What does it take to power a social search index with over a trillion total posts and hundreds of terabytes of data? Facebook search quality and ranking engineer Ashoat Tevosyan shared a peek under the Graph Search hood in a post on the Facebook Engineering page yesterday.
Tevosyan highlighted the challenges facing Facebook as they gave users the ability to search posts in Graph Search, a feature added last week:
“Facebook's underlying data schema reflects the needs of a rapidly iterated web service. New features often demand changes to data schemas, and our culture aims to make these changes easy for engineers. However, these variations makes it difficult to sort posts by time, location, and tags as wall posts, photos, and check-ins all store this information differently.”
Facebook sorts and indexes on over 70 different types of data kept in a production SQL database. Their search engine, Unicorn, is an inverted index framework with capabilities including index building and data retrieval; raw data is converted and separated into two parts to work within it. Document data contains the post data Facebook uses to rank results, while the inverted index is more typical of a traditional search index, in that it goes through each post to determine which hypothetical search filters match.
The Graph Search posts index is much larger than any other at Facebook, Tesovyan wrote. They had to move from RAM (which worked well for the smaller indices) to solid-state flash memory to accommodate the more than 700 terabytes of data in the posts index.

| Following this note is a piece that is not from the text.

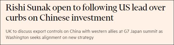 据英国《金融时报》和“天空新闻”报道,苏纳克是在飞往日本参加G7峰会的专机上接受采访的。苏纳克称,正在考虑效仿华盛顿的做法,对投资中国关键行业的英国公司实施新的限制。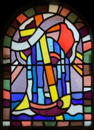Pour les sept verrières du baptistère, Jordan choisit trois sujets différents : une étoile (celle de Bethléem), la colombe du saint Esprit et une barque portant la croix. Ces trois symboles évoquent la grâce baptismale : l’étoile comme guide, la barque comme signe de victoire sur toute tempête et la colombe de l’Esprit saint qui nous rappelle que nous avons été baptisés dans le Christ (Python, 2017, p. 153). L’artiste a placé la colombe face à la porte d’entrée du baptistère et a alterné ensuite l’étoile et le bateau, qui sont représentés chacun à trois reprises.

For a bit of perspective, consider that Amazon, with its over 59 million active customers, has about 42 terabytes of data to deal with. YouTube, where over 100 million videos are watched daily, holds at least 45 terabytes of video in their database. Google is mum on the size of their database, though we know they answer over a billion queries daily. Each query is stored and over the course of just a year, Google packs away data for over 365 billion queries. Even back in 2008, they were processing 20,000 terabytes of data daily.
The ability to search posts was born out of a company Hackathon, he explained.
“My second day as a Facebook intern coincided with a company-wide Hackathon, and I spent the night aiming to implement a way for my friends and me to find old posts we had written. I quickly discovered that the project was much more challenging than I had first anticipated. However, the engineering culture at Facebook meant that I was supported and encouraged to continue working on it, despite the scope of the project. The majority of the work--infrastructure, ranking, and product--has been accomplished in the past year by a few dozen engineers on the Graph Search team,” Tevosyan wrote.
Tevosyan also shared the fact that Facebook uses over 100 distinct ranking features in their post result scoring, in order to serve up the most relevant Graph Search content to users. Before a query reaches that ranking system, though, it is rewritten, which “involves tacking on optional clauses to search queries that bias the posts we retrieve towards results that we think will be more valuable to the user.”